Elevated temperature decreases sensitivity of P2X purinergic receptors in skeletal muscle arteries.

We hypothesized that elevated temperatures would attenuate but that reduced temperatures would potentiate the tension mediated by vascular P2X purinergic receptors. The femoral arteries of 24 rats were dissected out and placed in modified Krebs-Henseleit buffer. Arteries were cut into 2-mm sections and mounted in organ tissue baths. Maximal tension (g) was measured during a KCl and norepinephrine challenge. Tension was measured during doses of alpha,beta-methylene ATP (10(-7) to 10(-3) M), phenylephrine (10(-7) to 10(-4) M), and acetylcholine (10(-9) to 10(-5) M), with tissue bath temperature adjusted to 35, 37, and 41 degrees C. Dose-response curves were fit using nonlinear regression analysis to calculate the EC50 and slope. The peak tension was lower with alpha,beta-methylene ATP during 41 degrees C (1.49 +/- 0.14 g) compared with 35 degrees C (2.08 +/- 0.09 g) and 37 degrees C (1.94 +/- 0.09 g; P < 0.05).
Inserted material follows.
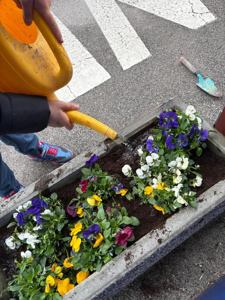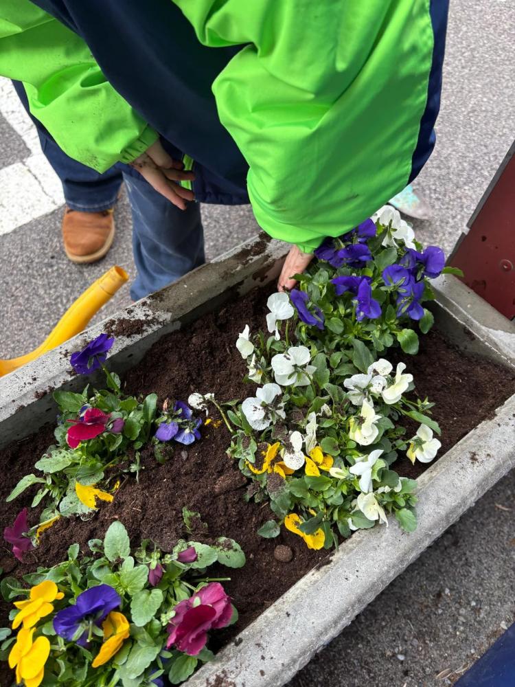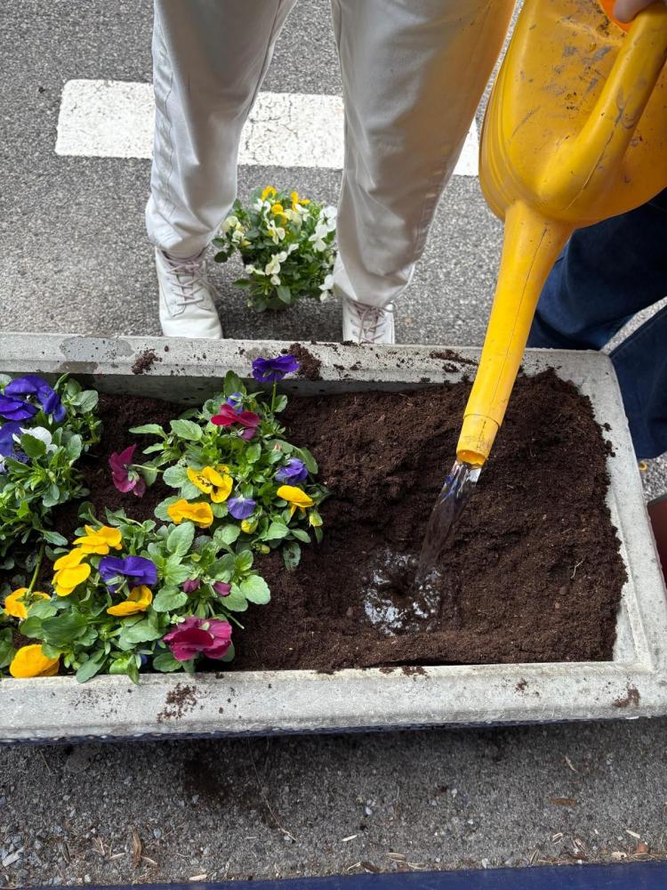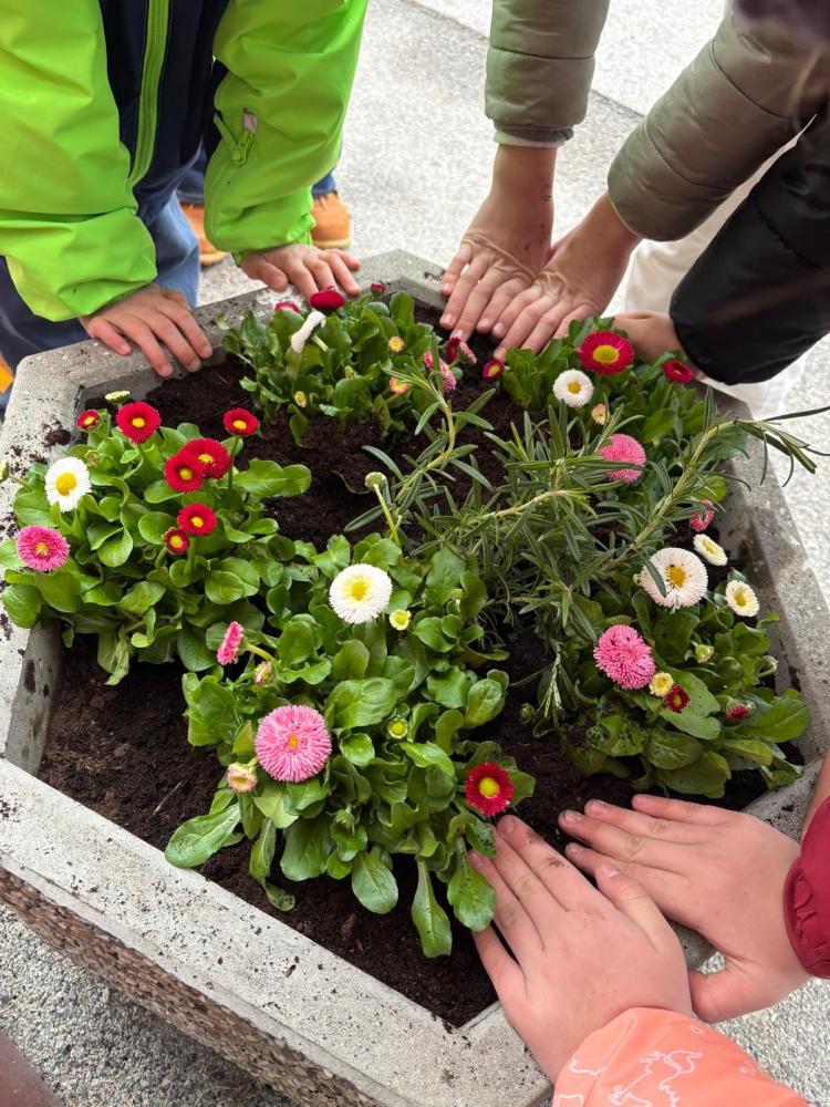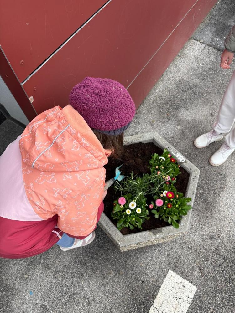 Blütenpracht vor dem Schulhaus

Slope and EC50 were not affected by temperature. Tension produced by phenylephrine and relaxation to acetylcholine were not affected by temperature. These data indicate that the vasoconstrictor response to alpha,beta-methylene ATP is sensitive to temperature. Moderate cooling does not potentiate P2X-mediated vasoconstriction, but elevated temperature attenuates the vasoconstrictor response to P2X purinergic receptors.